- What to work on -
Reproduce each record verbatim, images excluded.

Data records
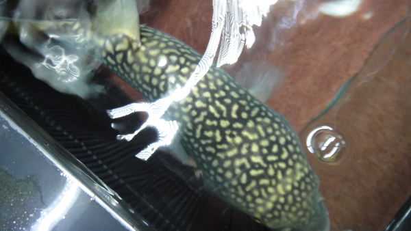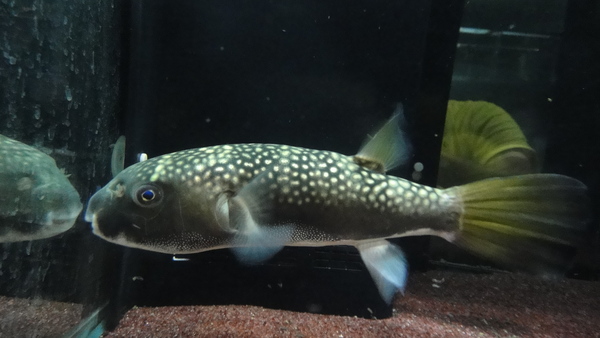 ちょっと前にこれの小さいやつだということで入荷した個体がいましたが、幼魚色?なのかちょっと模様の感じが違いましたが、今回は大きいサイズで入荷しましたのでイメージ通りのこれぞゴールデンスポットブラックパファーという感じのキレイな個体が入荷しました!着状態も良好で肌荒れやヒレ溶けも一切ありません!真っ黒の背中に緑がかったメタリックなゴールドスポットがとても美しいフグです。淡水でも大丈夫という話も聞きますが心配なので当店では汽水(1/4~1/5海水)でストックしています。滅多に輸入されない希少な淡水フグで、前回入荷の小さい個体も問い合わせ多数で即売れでしたので、前回買いそびれてしまった方はお見逃しなく!このサイズ1匹のみ!上段の画像です。2つの画像は同一個体です。
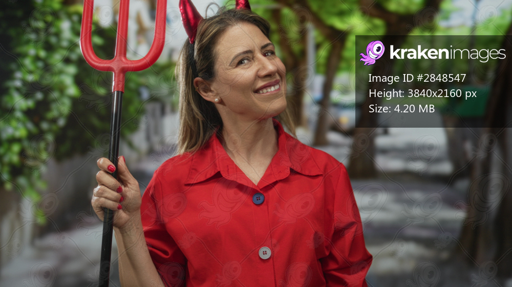 Woman with red horn headband holds red trident and sticks tongue out on a forest pathway; playfulness.
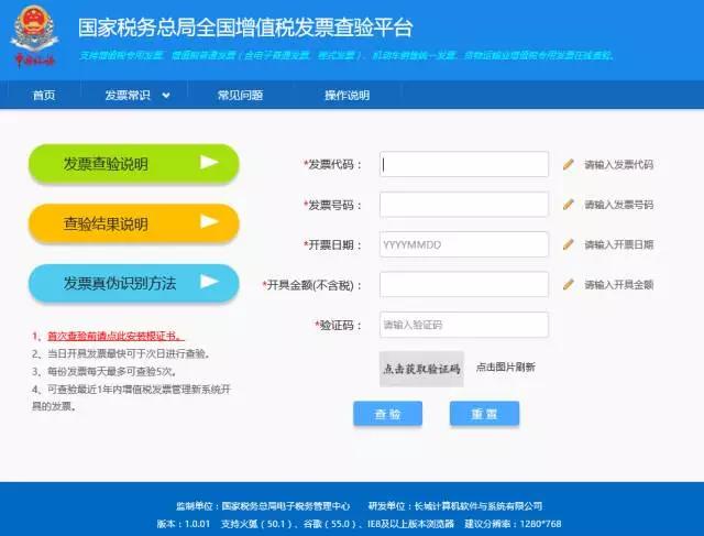 自2017年1月1日起,取得增值稅發(fā)票的單位和個(gè)人可登陸全國(guó)增值稅發(fā)票查驗(yàn)平臺(tái)(https://inv-veri.chinatax.gov.cn/),對(duì)新系統(tǒng)開具的增值稅專用發(fā)票、增值稅普通發(fā)票、機(jī)動(dòng)車銷售統(tǒng)一發(fā)票和增值稅電子普通發(fā)票的發(fā)票信息進(jìn)行查驗(yàn)。單位和個(gè)人通過網(wǎng)頁(yè)瀏覽器平臺(tái)首次登錄平臺(tái),應(yīng)下載安裝根證書文件,查看平臺(tái)提供的發(fā)票查驗(yàn)操作說明。
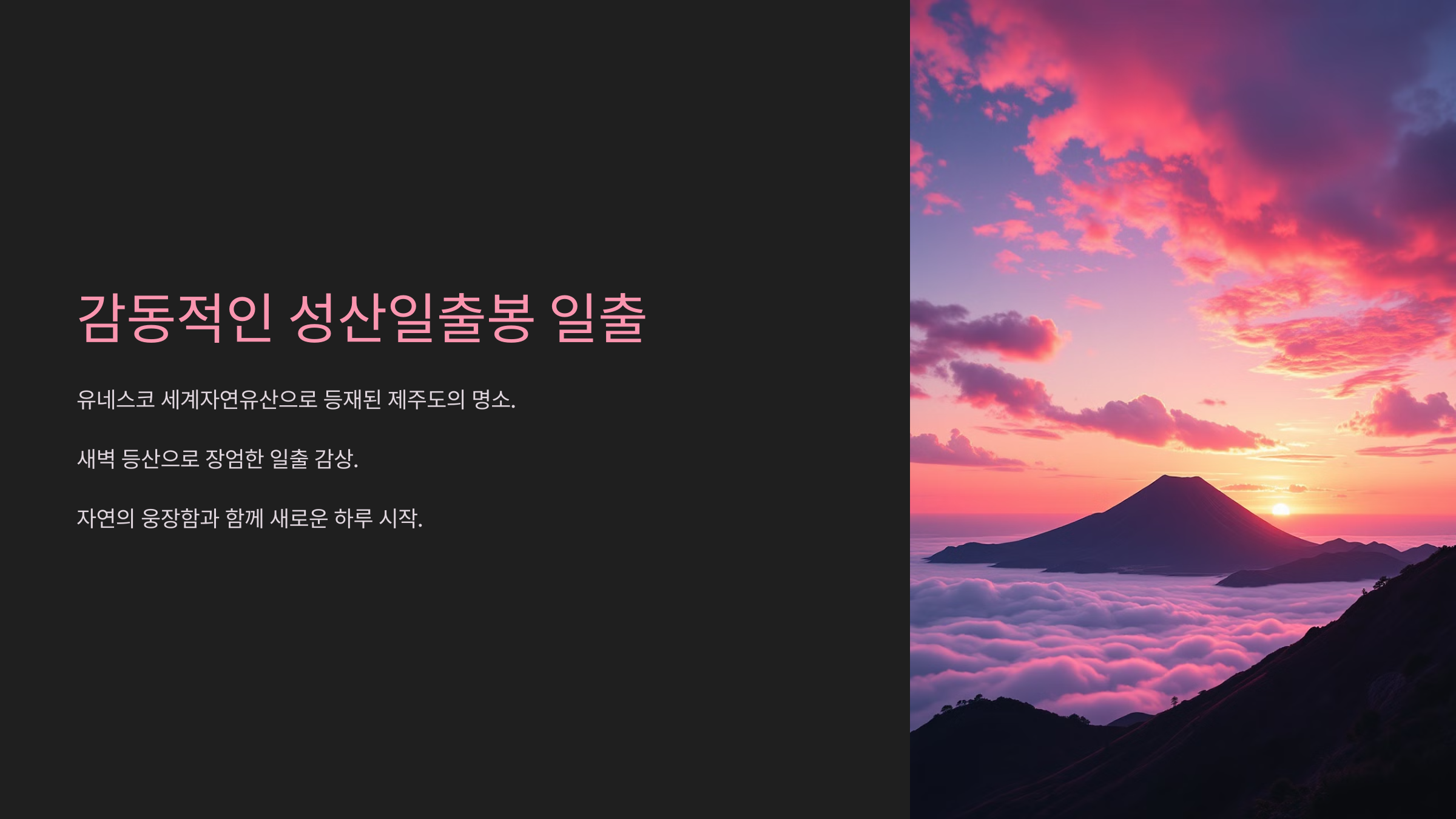 성산일출봉은 유네스코 세계자연유산으로 등재된 제주도의 대표적인 명소입니다. 새벽 시간에 등산하여 일출을 감상하면 자연의 웅장함과 함께 새로운 하루를 시작할 수 있습니다. 태양이 떠오르며 만들어내는 장엄한 풍경은 혼자 여행 중에도 가슴 벅찬 순간을 선사합니다.
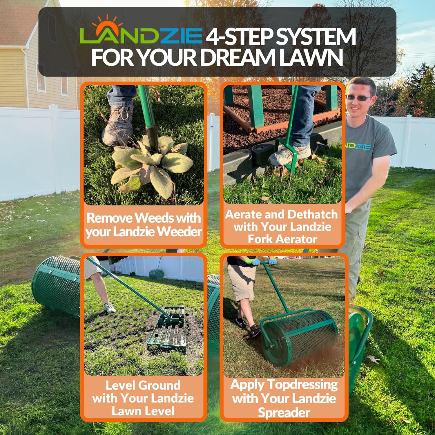 - HAVE THE LAWN OF YOUR DREAMS: Revitalize your lawn this season by using the Landzie Fork Lawn Plug Aerator to remove compacted soil and thatch and promote healthy grass growth throughout. Aerator coring your lawn encourages healthy root growth, enhances resistance to drought and flooding, and reduces the need for excessive amounts of fertilizer. USE your Landzie Soil Aerator with the Landzie Spreader (B07ZQSV81S) and the Landzie Lawn Level (B095KSKXPQ) for a lush and level lawn this season.
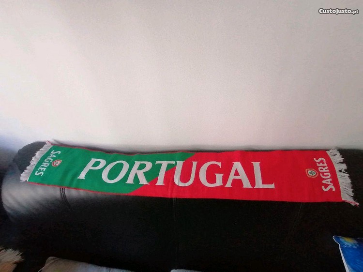 Cachecol de apoio a Portugal com publicidade da cerveja Sagres.
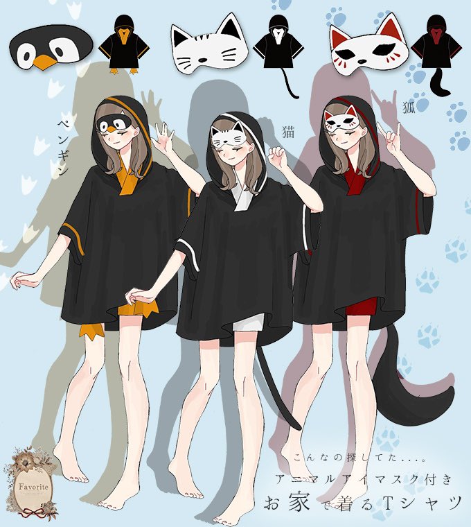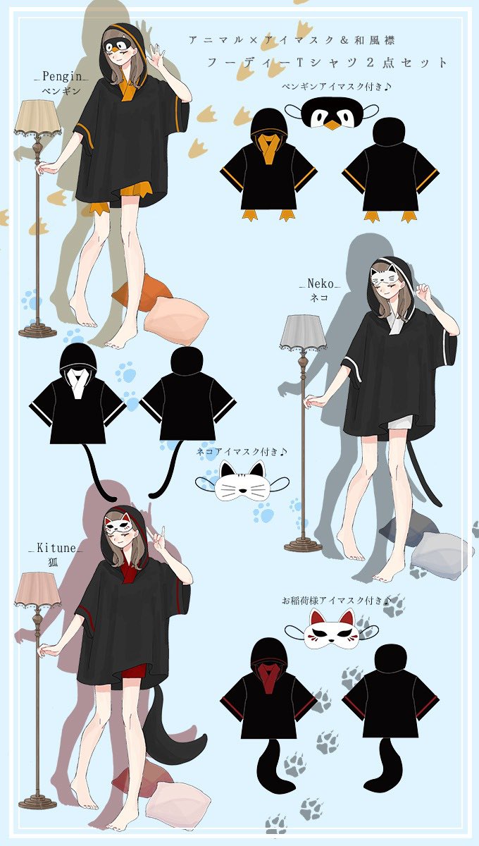 Favoriteオリジナル✨可愛いルームウェア🏠🏠🏠アニマル×アイマスク&和風襟のフーディーTシャツの2点セット🐧🦊🐱睡眠時の可愛いアイマスク💤💤💤
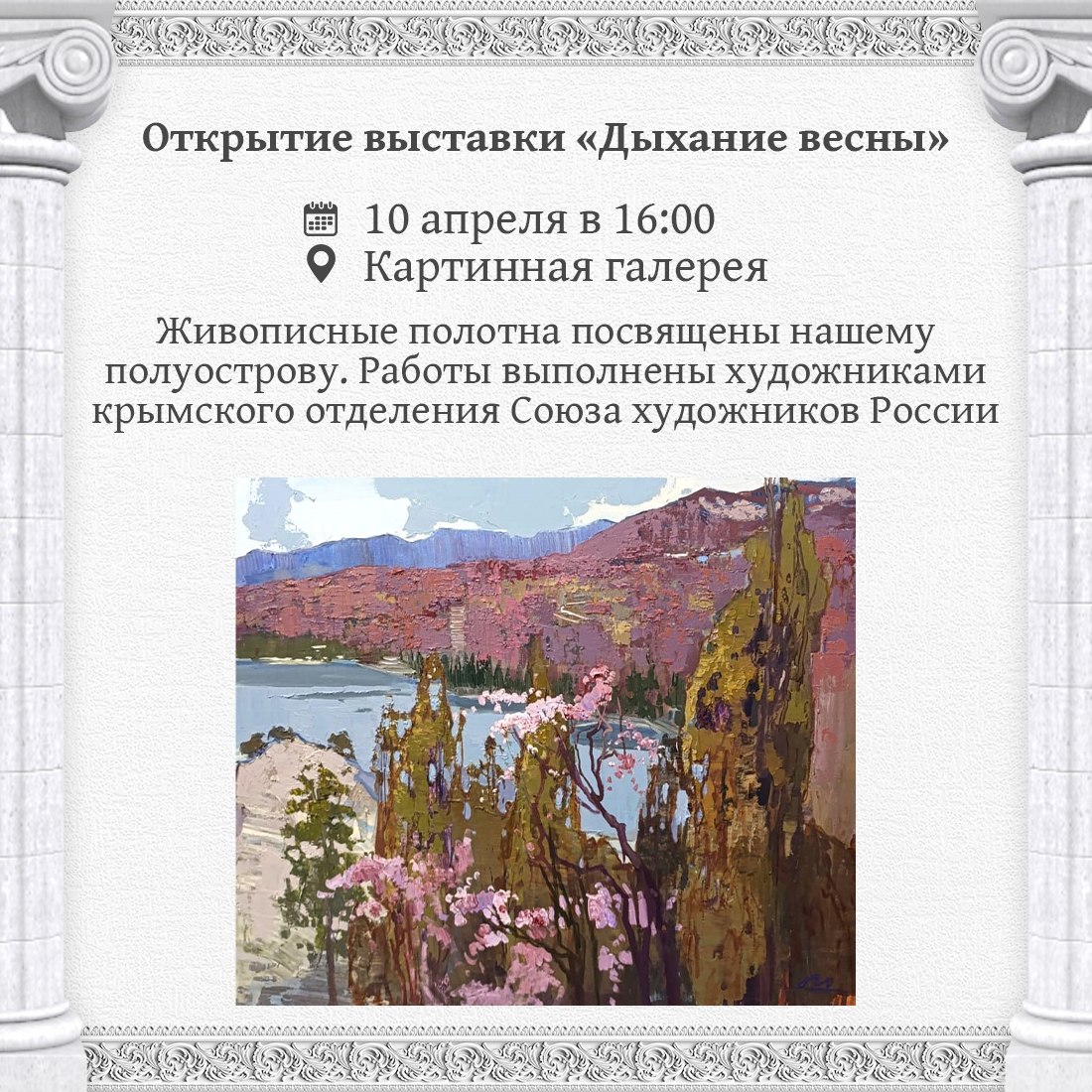 В апреле здесь можно будет насладиться творчеством крымских деятелей искусств, воздать дань уважения Родине и узнать больше о богатой истории нашего древнего города.

- Exercise answer -
 ちょっと前にこれの小さいやつだということで入荷した個体がいましたが、幼魚色?なのかちょっと模様の感じが違いましたが、今回は大きいサイズで入荷しましたのでイメージ通りのこれぞゴールデンスポットブラックパファーという感じのキレイな個体が入荷しました!着状態も良好で肌荒れやヒレ溶けも一切ありません!真っ黒の背中に緑がかったメタリックなゴールドスポットがとても美しいフグです。淡水でも大丈夫という話も聞きますが心配なので当店では汽水(1/4~1/5海水)でストックしています。滅多に輸入されない希少な淡水フグで、前回入荷の小さい個体も問い合わせ多数で即売れでしたので、前回買いそびれてしまった方はお見逃しなく!このサイズ1匹のみ!上段の画像です。2つの画像は同一個体です。
 Woman with red horn headband holds red trident and sticks tongue out on a forest pathway; playfulness.
 自2017年1月1日起,取得增值稅發(fā)票的單位和個(gè)人可登陸全國(guó)增值稅發(fā)票查驗(yàn)平臺(tái)(https://inv-veri.chinatax.gov.cn/),對(duì)新系統(tǒng)開具的增值稅專用發(fā)票、增值稅普通發(fā)票、機(jī)動(dòng)車銷售統(tǒng)一發(fā)票和增值稅電子普通發(fā)票的發(fā)票信息進(jìn)行查驗(yàn)。單位和個(gè)人通過網(wǎng)頁(yè)瀏覽器平臺(tái)首次登錄平臺(tái),應(yīng)下載安裝根證書文件,查看平臺(tái)提供的發(fā)票查驗(yàn)操作說明。
 성산일출봉은 유네스코 세계자연유산으로 등재된 제주도의 대표적인 명소입니다. 새벽 시간에 등산하여 일출을 감상하면 자연의 웅장함과 함께 새로운 하루를 시작할 수 있습니다. 태양이 떠오르며 만들어내는 장엄한 풍경은 혼자 여행 중에도 가슴 벅찬 순간을 선사합니다.
 - HAVE THE LAWN OF YOUR DREAMS: Revitalize your lawn this season by using the Landzie Fork Lawn Plug Aerator to remove compacted soil and thatch and promote healthy grass growth throughout. Aerator coring your lawn encourages healthy root growth, enhances resistance to drought and flooding, and reduces the need for excessive amounts of fertilizer. USE your Landzie Soil Aerator with the Landzie Spreader (B07ZQSV81S) and the Landzie Lawn Level (B095KSKXPQ) for a lush and level lawn this season.
 Cachecol de apoio a Portugal com publicidade da cerveja Sagres.
 Favoriteオリジナル✨可愛いルームウェア🏠🏠🏠アニマル×アイマスク&和風襟のフーディーTシャツの2点セット🐧🦊🐱睡眠時の可愛いアイマスク💤💤💤
 В апреле здесь можно будет насладиться творчеством крымских деятелей искусств, воздать дань уважения Родине и узнать больше о богатой истории нашего древнего города.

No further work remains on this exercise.